Tiere als Anzeiger für einen naturnahen Garten

Bereits jetzt finde ich immer wieder Tiere und freu mich über jedes einzelne. Ok, das ist jetzt etwas übertrieben, denn über die spanische Wegschnecke, Wühlmäuse, Kohlweißlinge und Blattläuse freue ich mich wirklich nicht. Damit muss ich aber leben. Ich hoffe ja sehr, dass durch die Schaffung eines naturnahen Gartens in Zukunft eine feine Balance möglich wird, die es den natürlichen Feinden der Schädlinge gestattet sich in meinem Garten anzusiedeln.

Einige der folgenden Tiere konnte ich bereits sichten: Erdkröten, Grasfrösche, Tigerschnegel, Bänderschnecken, Hummeln, Holzbienen, Igel, Blindschleichen, Glühwürmchen, Rotkelchen, Zitronenfalter und Buntspechte, andere werde ich vielleicht nie zu sehen bekommen. Ich hoffe jedoch viele der folgenden Arten anlocken zu können: Distelfink, Grauschnäpper, Zaunkönig, Hermelin, Fledermaus, Ringelnatter, Zauneidechse, verschiedene Schmetterlinge und Falter wie Aurorafalter und gemeiner Bläuling, rote Mauerbiene, Taubenschwänzchen, großes Heupferd, blaugrüne Mosaikjungfer, Laubfrosch.

Und dann war da noch ein Tier…

Eine meiner Hennen, die mir im Garten beim Unkraut jäten unbedingt helfen wollte. Vielleicht fällt ja das eine oder andere Krabbeltier oder Samenkorn für sie ab.

Sie schaut sehr genau damit ihr nichts entgeht

Und dann auch noch…

Diese Spinne, die ihr Netz über Nacht in meinem Esszimmer gebaut hat. Schön war es schon, wie es zwischen Tisch und Sessel geglänzt hat. Ich habe sie sanft, aber bestimmt ins Freie befördert, da gehört sie hin und nicht an meinen Esstisch.

Guten Morgen Spinne

Lebensräume

Damit auch wirklich möglichst viele Nützlinge in meinen Garten kommen, gestalte ich viele Ecken des Gartens bewußt nützlingsfreundlich. Andere Ecken lasse ich im Urzustand oder gestatte, dass Wildkräuter wachsen dürfen.

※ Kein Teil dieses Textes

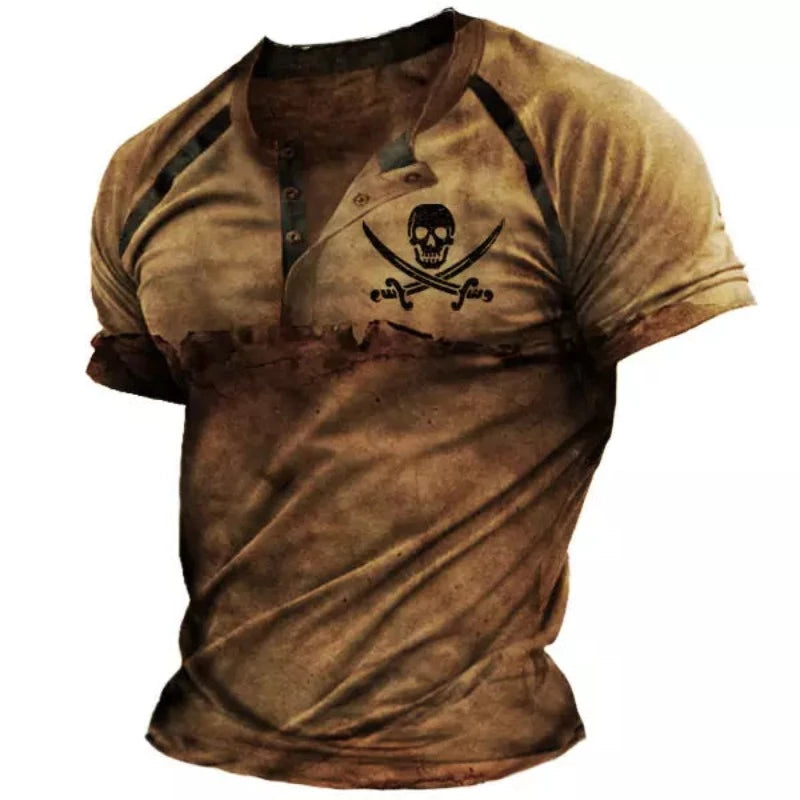 This Men's Skull Short Sleeve T-Shirt is great for daily wear. This blouse is designed for casual everyday wear and has a crew collar and long sleeves for layering over your favorite outfit. This cotton blend t-shirt features raised board shorts for added comfort and style. This men's short sleeve tee is lightweight and easy to wear. Pair it with jeans and boots for a casual look.

Das hat einen weiteren positiven Effekt da es willkommenerweise weniger Arbeit für mich bedeutet, weniger Unkraut jäten, weniger Altholz wegräumen, weniger Hecken schneiden. Selbstverständlich verwende ich keinerlei Pestizide oder Herbizide und dünge nur mit Pflanzenjauche. Ich pflanze in Mischkulturen mit Opferpflanzen (z.B. Tagetes, Ringelblume, Zitronenmelisse) und nehme einen gewissen Verlust in Kauf, plane bereits im Vorhinein dafür.

Ich bevorzuge und pflanze in erster Linie einheimische Pflanzenarten, vermehre mein Saatgut, kompostiere soviel wie möglich und probiere immer wieder neue Methoden aus um noch tier- und pflanzenschonender zu arbeiten.

Ich lasse keinen Rasenroboter in meinen Garten. Ich will Wiesenblumen die blühen dürfen und keinen englischen Rasen und ich will keinerlei Wildtiere unnötig töten. Der Rasenroboter steht im schweren Verdacht vor allem junge Igel zu verletzen oder gar zu töten.

Fazit

Für mich gibt es keine andere Option als mit der Natur in Einklang zu arbeiten. Um einen naturnahen Garten zu gestalten, der mir Gemüse, Obst, Blumen und Kräuter, sowie Erholung und Freude gibt, nehme ich gern viel Arbeit in Kauf anstatt auf Chemie oder Technik zurück zu greifen.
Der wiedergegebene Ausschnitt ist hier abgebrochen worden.